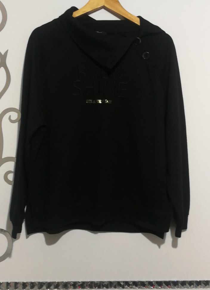 Düğmeli, uzun kollu, yuvarlak yakalı, siyah kadın sweatshirt. Rahat kesimi ve yumuşak dokusuyla günlük kullanıma uygundur.
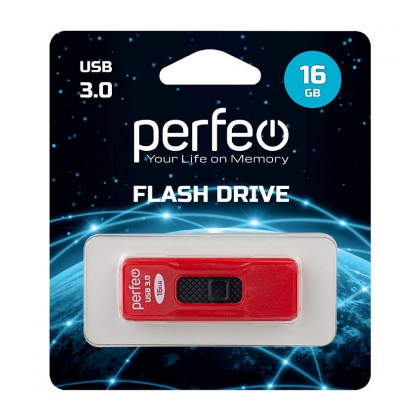Высокоскоростной USB накопитель Perfeo USB 3.0 модель S05 с выдвижным коннектором, объёмом памяти 16GB, красного цвета имеет компактный размер.
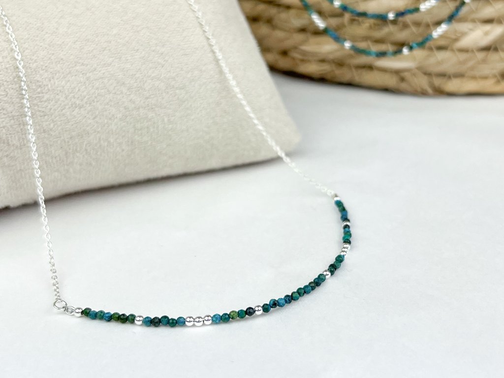 Stříbrný náhrdelník s kameny Chryzokolu.
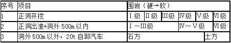 2.隧道工程在對(duì)隧道開挖、出渣時(shí),要根據(jù)不同的圍巖級(jí)別進(jìn)行定額選套。其中洞外出渣要套用路基的定額,具體關(guān)系對(duì)應(yīng)如下:
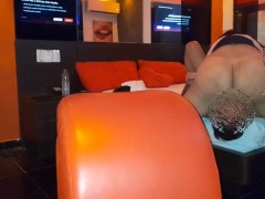 My best friend went on a trip and her boyfriend needed someone to jerk his cock and suck his ass.
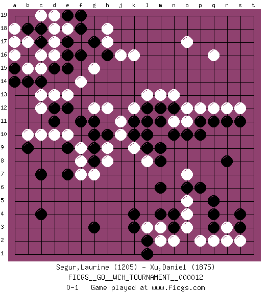 Last move : 0-1 2015 April 28 13:33:57 [Event "FICGS__GO__WCH_TOURNAMENT__000012"] [Site "FICGS"] [Date "2014.11.01"] [Round "1"] [Black "Segur,Laurine"] [White "Xu,Daniel"] [Result "0-1"] [Rating 1 "1205"] [Rating 2 "1875"] 1.c4 q16 2.q5 d16 3.g3 c10 4.r8 r12 5.m4 k16 6.s11 s12 7.c7 e10 8.r11 q12 9.p10 o11 10.p11 p12 11.o10 n11 12.n10 r3 13.s4 o3 14.s3 m3 15.k3 l3 16.k4 o5 17.m6 o7 18.m8 r2 19.n4 o4 20.n3 n2 21.l2 m2 22.l1 p2 23.q4 s2 24.q3 q2 25.p6 d17 26.b9 b10 27.o6 o17 28.m11 n13 29.m12 m13 30.n12 o12 31.q11 k12 32.h10 h12 33.g11 g12 34.f11 e13 35.e12 d13 36.d11 d10 37.d12 c12 38.c14 c13 39.d15 c16 40.e15 f14 41.f16 h17 42.f18 e18 43.g17 h18 44.h16 j16 45.b14 b15 46.e17 d18 47.b18 b17 48.c18 a17 49.a15 a16 50.e19 c19 51.a14 c15 52.f19 d19 53.c17 a18 54.e16 g15 55.l12 l13 56.k11 m10 57.l11 j11 58.k10 j10 59.l9 k9 60.l10 l8 61.m9 h9 62.g9 h8 63.g8 g7 64.e7 f8 65.e9 f9 66.g10 f7 0-1 Here are the names of the openings (joseki) played in the four corners : Player White won this Go (weiqi, baduk) game. Follow this game move after move (download)Empty triangles are bad. (Anonymous) Wisdom begins at the end. (Daniel Webster)
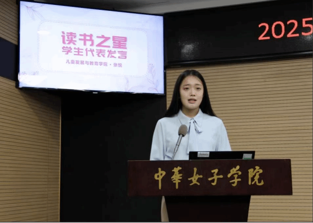 来自儿童发展与教育学院的张悦作为学生读书之星代表上台发言,讲述了在参与图书馆系列活动过程中的独特收获与深刻体会,并分享了阅读如何滋养心灵,以及阅读与活动带来的成长感悟。
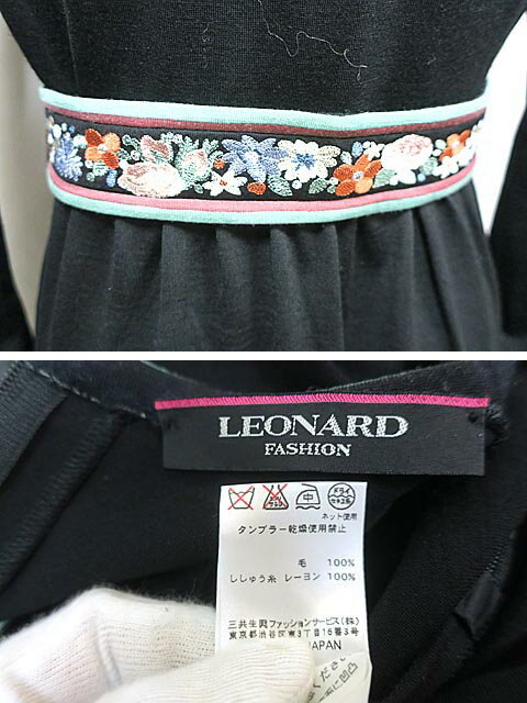 【中古】LEONARD レオナール ワンピース レディース ブラック お花刺繍 サイズ1
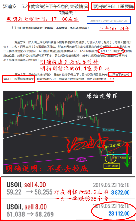 汤迪安:5.24周四原油再次成功抓顶61.1,黄金明确到具体时间引发大涨! ==============此篇文章的主旨:位置决定性质——周四原油所处的特殊位置,引发大跌后的再次单日暴跌38个点;时机决定进攻成败,黄金容易打破震荡的时间节点 人生自古谁无死,留取丹心照汗青!人总要努力去做对社会有意义的事,投资想要轻松赚盈利,就找汤迪安老师!!! 迪安团队“ 科学投资盈利密训 ”计划,今天已经进行到第五天,盈利计划进行的非常顺利。【每天策略提前公布,全网及好友圈可具体查询!】 (周一市场捷报):周一原油精准抄底在当天最低位置62.4;黄金抄底在当天最低位置1273,共计20个点。 (周二市场捷报

----------------

Return only the lines running from the top of the data to the line that holds "My best friend". Include both of those lines, but skip the pictures.

 Düğmeli, uzun kollu, yuvarlak yakalı, siyah kadın sweatshirt. Rahat kesimi ve yumuşak dokusuyla günlük kullanıma uygundur.
Высокоскоростной USB накопитель Perfeo USB 3.0 модель S05 с выдвижным коннектором, объёмом памяти 16GB, красного цвета имеет компактный размер.
 Stříbrný náhrdelník s kameny Chryzokolu.
 2.隧道工程在對(duì)隧道開挖、出渣時(shí),要根據(jù)不同的圍巖級(jí)別進(jìn)行定額選套。其中洞外出渣要套用路基的定額,具體關(guān)系對(duì)應(yīng)如下:
 My best friend went on a trip and her boyfriend needed someone to jerk his cock and suck his ass.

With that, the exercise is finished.